Chelsea Biondolillo bends genre rules while diving deep into her idiosyncrasies and obsessions, and The Skinned Bird is a strange, strong, and beautiful thing because of it. Reading this collection of essays was an exercise in exploration for me as a reader. Biondolillo asks poignant questions—she is excavating the “how” and “why” of both herself and human nature—but rather than give answers, she lets herself and her reader exist in the liminal space of questioning. In her exploration of how we become who we are and why we make the choices we do, she hits on universal truths all while utilizing structure to support the content of her essays. The result is brilliant; as she is at work discovering her bones, she issues an invitation to her reader: Let’s see what is underneath.
Throughout this memoir-in-essays, Biondolillo uses the interplay between the natural world and her internal world to try and better understand herself. The entire collection is organized into four parts that follow the stages of a songbird learning how to sing: The Critical Learning Period, the Silent Stage, the Subsong, and the Song Crystallization. Each section contains four or five essays, and each essay serves to illuminate sometimes direct but often indirect correlations between Biondolillo’s evolution and that of the birds she studies.
As a writer, I am always asking myself if the structure of my writing is adding to or detracting from the story I’m telling. Can structure help us see things in a different, or perhaps, more holistic, way? Biondolillo writes lyrical, fragmented essays that absorb and expound on landscape, loss, longing, and language. She writes from geological and ornithological and photographical viewpoints. Her essays include lists and footnotes and photographs and erasures and braided sections. They create a visual and artistic experience that forces the reader’s brain to make deeper and different connections; the collection as a whole is an exemplary showing of artistry.

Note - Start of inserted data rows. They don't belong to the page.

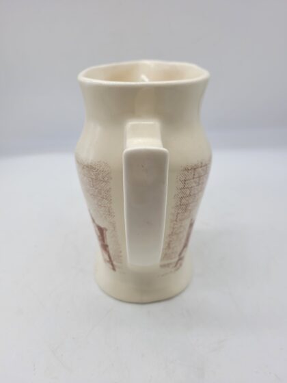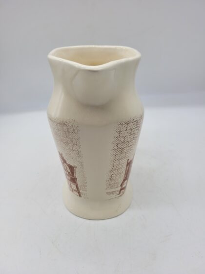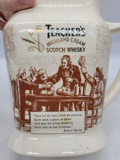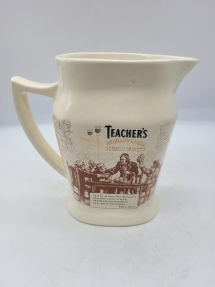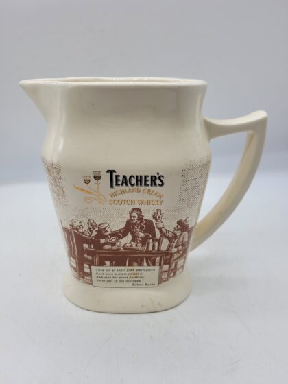 A cream glazed ceramic bartop water jug. Bears black and gilt lettering that reads, "Teacher's Highland Cream Scotch Whisky" and a quote from Robert Burns. Made by Wade and bears red backstamp to base.
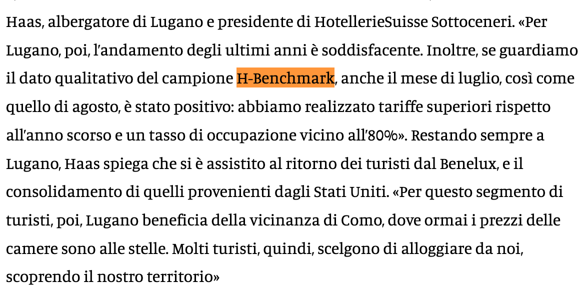 I dati di Lugano forniti da HBenchmark, dice il presidente, sono soddisfacenti: i mesi di luglio e di agosto sono stati positivi con tariffe medie superiori rispetto all’anno scorso e un tasso di occupazione vicino all’80%.
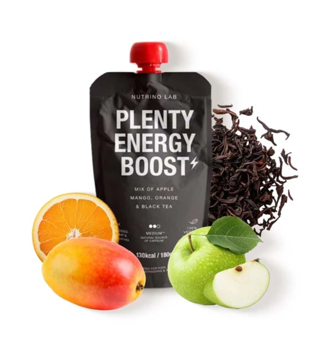 Nutrinolab Plenty Energy Boost, Elma, Mango ve Portakalın canlı meyve aromalarını Çin geleneğinin ürünü olan Siyah Çay ile buluşturan, tamamen doğal ve sağlıklı bir atıştırmalıktır; ölçülü kalori değeri (130 kcal/180 g) ile size düşük kalorili bir seçenek sunarken, siyah çaydan gelen 31 mg doğal kafein sayesinde uyanıklığı ve odaklanmayı destekler.
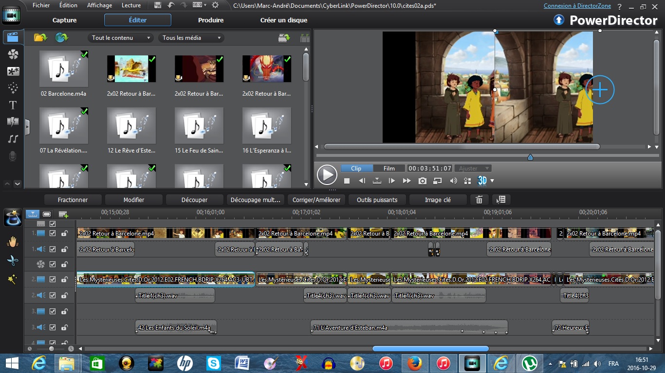 C'est vraiment très simple: je reprends le fichier du montage sauvegardé que j'ai fait de chaque épisode, et j'ajoute par dessus la version panoramique. Je déplace cote à cote l'ancienne et la nouvelle video pour voir deux images parfaitement synchro. Je détecte alors précisément où faire les coupures quand elles ne sont plus synchro. Voilà
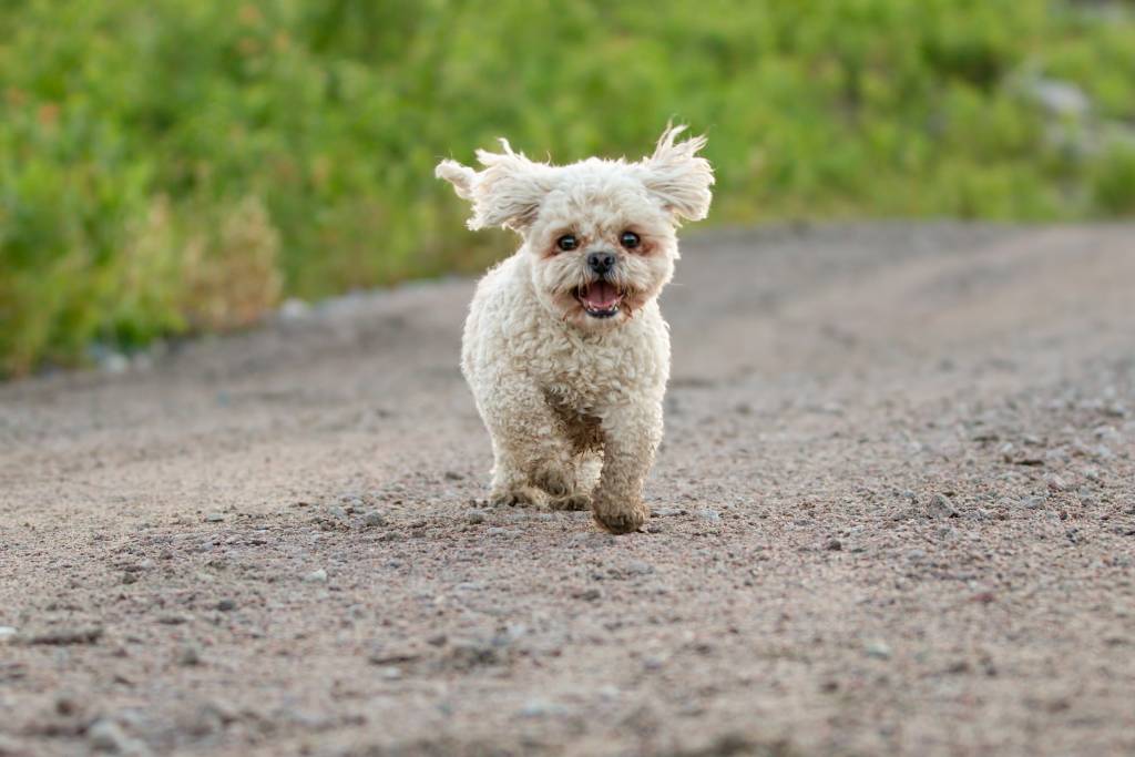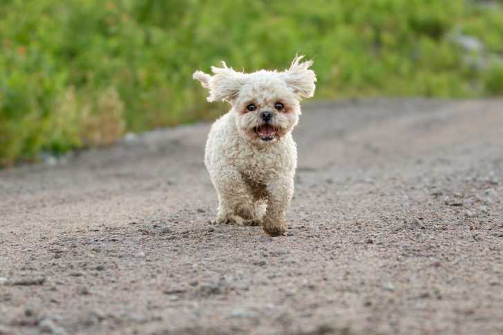Un petit Mal-Shi joue et aboie

For example, instead of writing an essay about things we say or do not say, or about the private versus the personal, or what constitutes an essay in the first place, she instead writes an entire essay in erasure form. In “The Story You Never Tell,” each page of text is superimposed underneath a near page-size photograph. There are wisps of sentences and words around the edges, but the reader never sees what is underneath.
In “Enskyment,” Biondolillo writes a number of fragments, each followed by a photograph. They are standalone snippets, but when put together they create an almost overwhelming sense of loss in childhood, though loss is rarely, if ever, directly mentioned. It’s a funky collection. She doesn’t tell us how to interpret her structure or her content, and I think that’s what creates a universal connection between her internal musings, the natural world, and her reader.
In the first section, “Critical Learning Period,” she employs clear scenes and vivid writing with little exposition. She weaves back and forth, showing how birds learn to recognize language and she posits the question of how we, as humans, are imprinted with an emotional language before we can speak words aloud. Do the things we hear and see as infants, before true memory kicks in, change the way we operate moving forward? How do we learn to love, to cope, to shield? We return to this through-line again and again in each section as Biondolillo studies her relationships with her father and her ex-husband.
There is an excruciating physicality in The Skinned Bird. That physicality at times made me squeamish, but it also made me want to dig deeper. In “Bone,” I could feel the voicebox-less vultures holding down my arms and legs with their talons and using their beaks to rip away my flesh; what lies underneath. In “How to Skin a Bird,” I could feel myself using my fingers to roll back skin and access the bones of the underlying wings; what lies underneath. In “Enskyment,” I felt myself moving back in time, looking at the creatures and deaths in my past, the ones I saw and felt and buried deep inside me; what lies underneath.
While The Skinned Bird isn’t lengthy, it is deep and open. It can be read in one giant gulp, infusing the brain with imagery and wonderings and sorrow and hope. It can be parsed out, section by section, letting the brain create new synapses between the form and the words and the big “T” or little “t” truths. I personally took my time, reading one or two essays per sitting, thinking about how Biondolillo was able to create forward movement with her writing.
At the end of the collection of essays, I see these truths: We are all looking for (or running from) home; we are all trying to protect ourselves but sometimes hurt ourselves in that process; we are all impacted by the world around us, whether that’s our familial world, the natural world, or the relational world. Biondolillo writes, “I am looking for a way to get at the experience of a thing, the memory of it, to better understand the meaning of it. I am expecting the process to be messy.” We are searching and discovering what lies beneath, what our bones look like. It is a messy process; The Skinned Bird excels at existing in that space and creates new ways of seeing and making. I’m glad to have it on my bookshelf.